### WHAT IS EXPECTED
Exactly the lines below starting at the line with "Het aantal atlasblokken" and ending at the line with "Mark place settings" are wanted, with both ends included. Leave out the pictures and add no other lines.

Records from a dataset

****

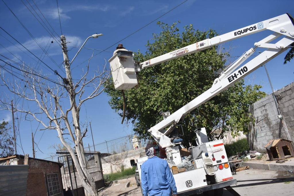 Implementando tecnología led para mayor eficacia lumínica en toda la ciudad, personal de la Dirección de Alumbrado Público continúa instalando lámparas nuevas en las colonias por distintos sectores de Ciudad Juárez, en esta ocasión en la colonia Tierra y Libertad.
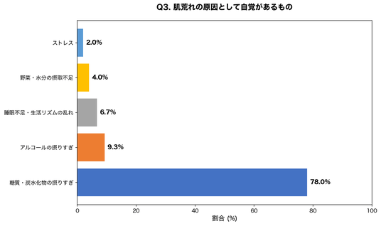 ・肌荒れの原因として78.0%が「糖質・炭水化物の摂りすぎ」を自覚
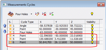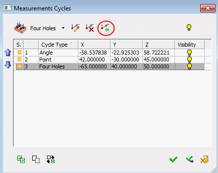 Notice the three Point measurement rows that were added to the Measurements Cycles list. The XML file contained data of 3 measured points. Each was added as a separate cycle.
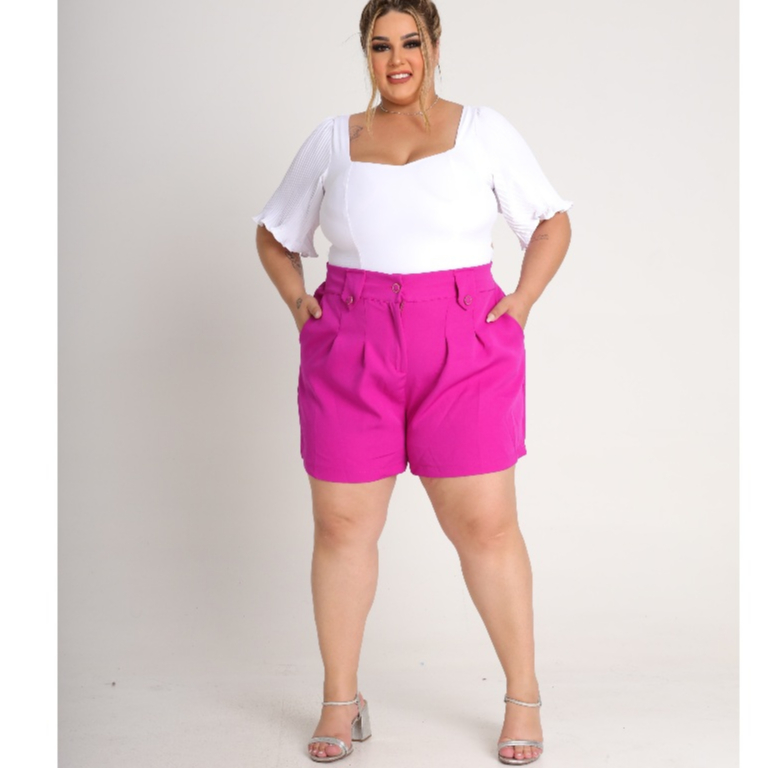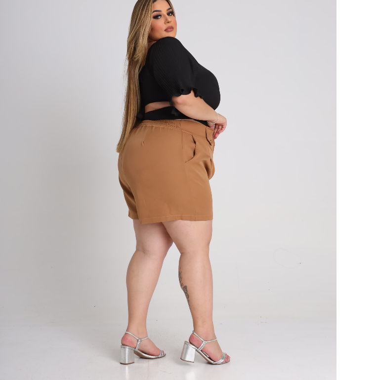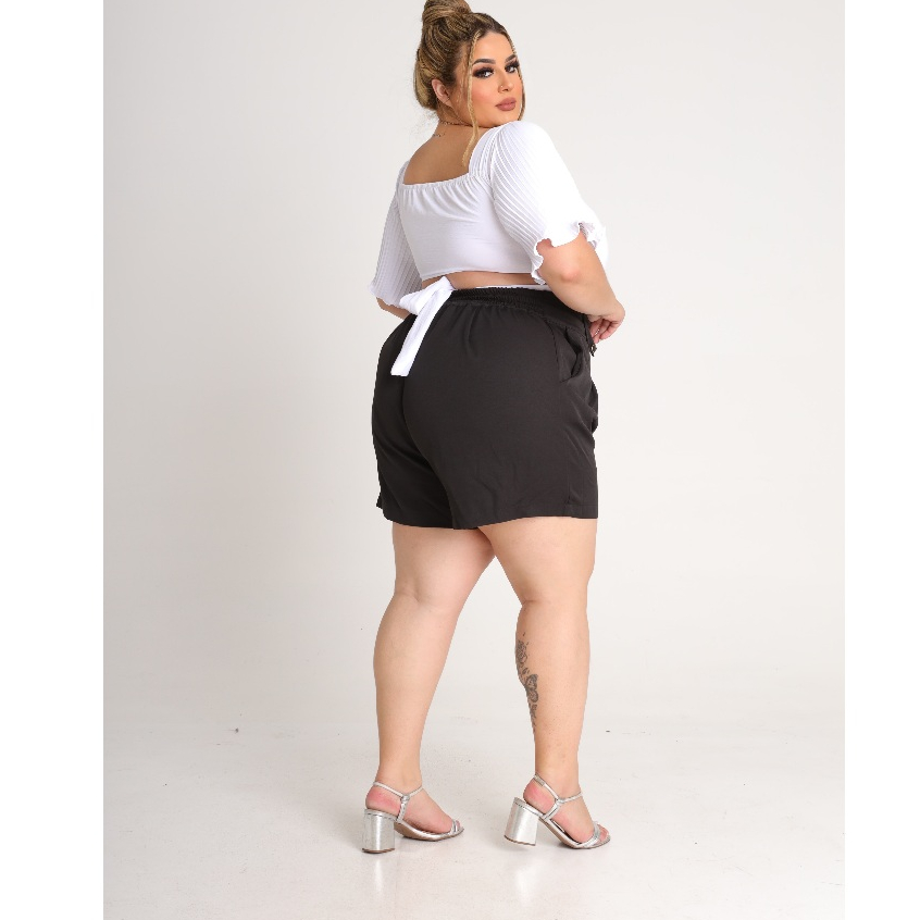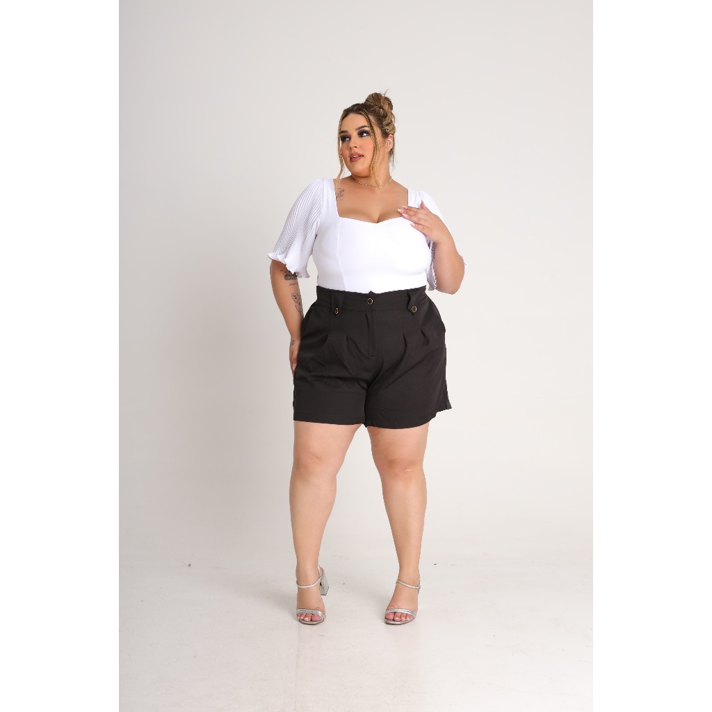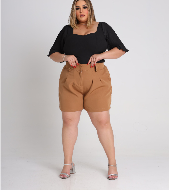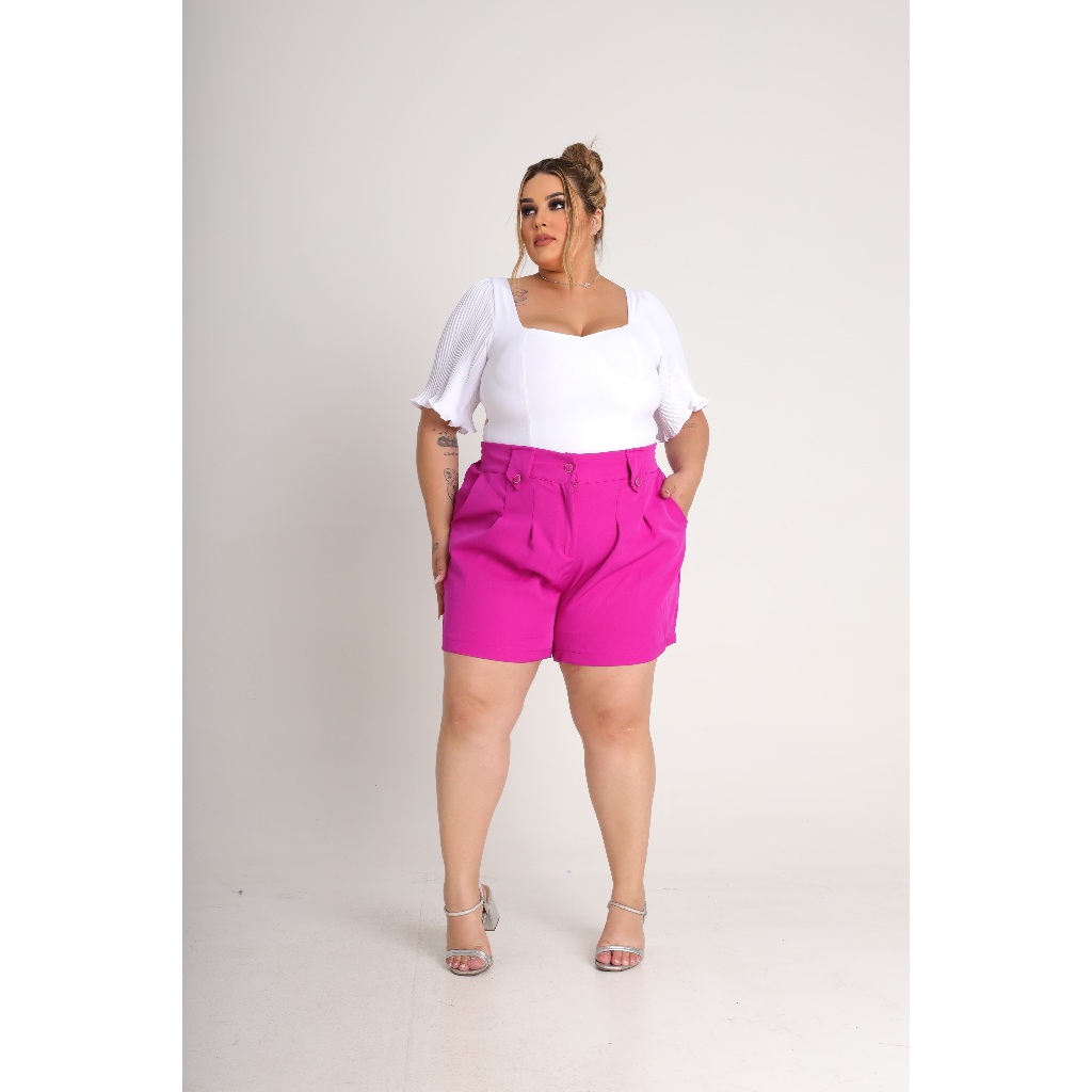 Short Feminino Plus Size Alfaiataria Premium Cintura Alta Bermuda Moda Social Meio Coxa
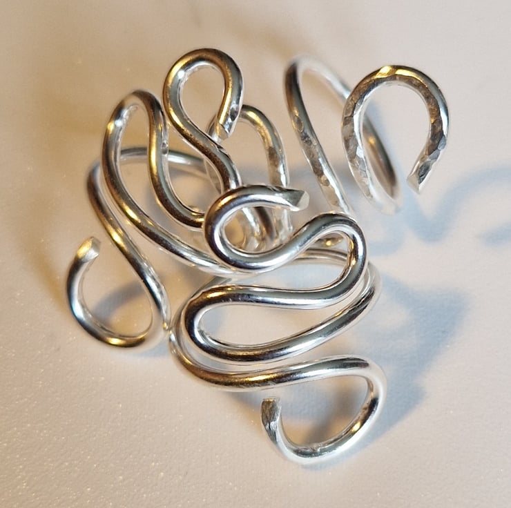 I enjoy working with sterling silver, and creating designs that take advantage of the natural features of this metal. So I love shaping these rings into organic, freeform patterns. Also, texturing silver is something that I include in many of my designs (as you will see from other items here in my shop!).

****

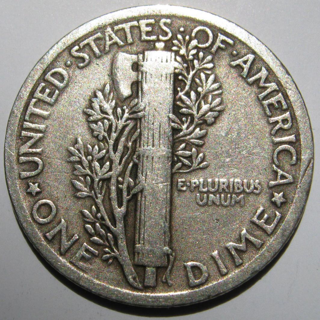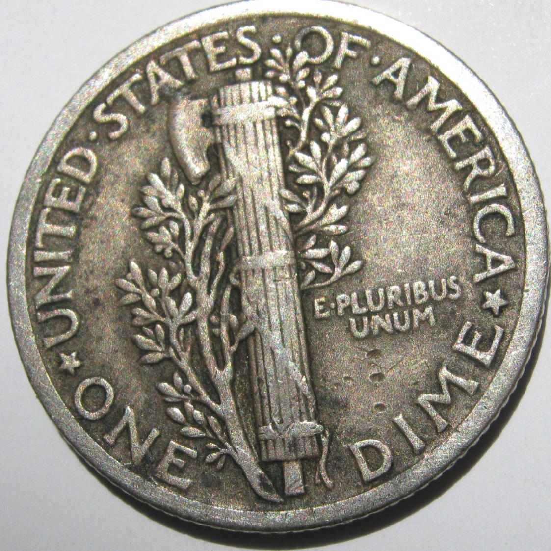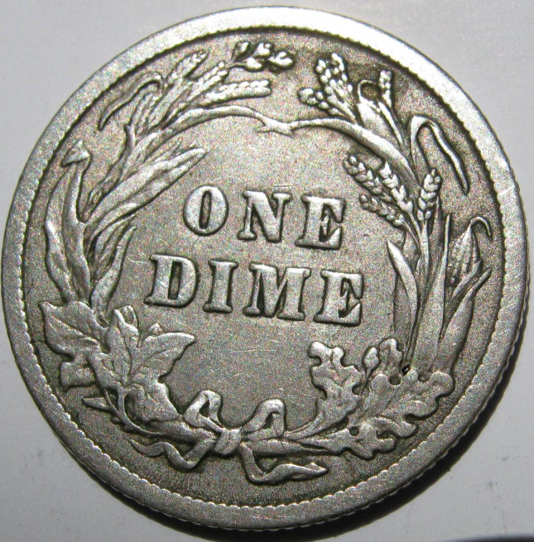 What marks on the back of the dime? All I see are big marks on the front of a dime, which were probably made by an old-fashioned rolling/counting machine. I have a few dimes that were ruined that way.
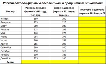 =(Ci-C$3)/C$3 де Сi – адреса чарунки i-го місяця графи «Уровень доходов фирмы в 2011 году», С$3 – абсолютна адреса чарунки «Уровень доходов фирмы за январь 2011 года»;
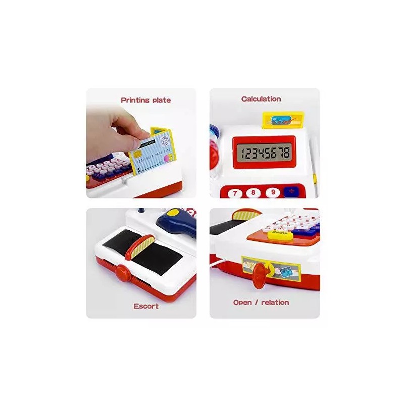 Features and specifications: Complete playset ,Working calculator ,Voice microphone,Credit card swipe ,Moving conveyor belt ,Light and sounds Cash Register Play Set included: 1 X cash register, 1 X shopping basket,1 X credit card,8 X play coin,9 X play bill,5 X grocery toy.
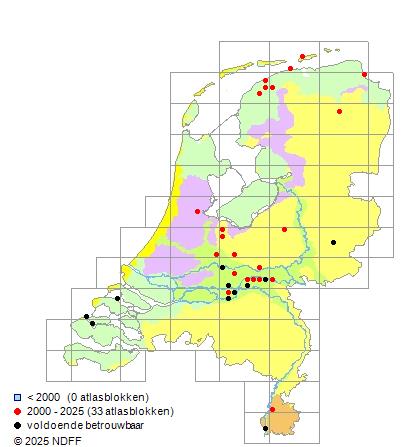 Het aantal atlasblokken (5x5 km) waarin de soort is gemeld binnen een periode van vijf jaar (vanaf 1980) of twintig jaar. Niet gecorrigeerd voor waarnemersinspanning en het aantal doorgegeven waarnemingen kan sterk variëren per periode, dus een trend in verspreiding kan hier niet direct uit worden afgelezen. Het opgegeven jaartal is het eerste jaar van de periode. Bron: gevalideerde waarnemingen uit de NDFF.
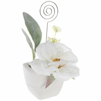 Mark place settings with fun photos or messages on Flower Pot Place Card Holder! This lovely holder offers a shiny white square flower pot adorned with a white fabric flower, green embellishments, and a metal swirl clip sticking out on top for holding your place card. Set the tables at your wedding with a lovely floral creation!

****

### ANSWER FOR THE TASK
 Het aantal atlasblokken (5x5 km) waarin de soort is gemeld binnen een periode van vijf jaar (vanaf 1980) of twintig jaar. Niet gecorrigeerd voor waarnemersinspanning en het aantal doorgegeven waarnemingen kan sterk variëren per periode, dus een trend in verspreiding kan hier niet direct uit worden afgelezen. Het opgegeven jaartal is het eerste jaar van de periode. Bron: gevalideerde waarnemingen uit de NDFF.
 Mark place settings with fun photos or messages on Flower Pot Place Card Holder! This lovely holder offers a shiny white square flower pot adorned with a white fabric flower, green embellishments, and a metal swirl clip sticking out on top for holding your place card. Set the tables at your wedding with a lovely floral creation!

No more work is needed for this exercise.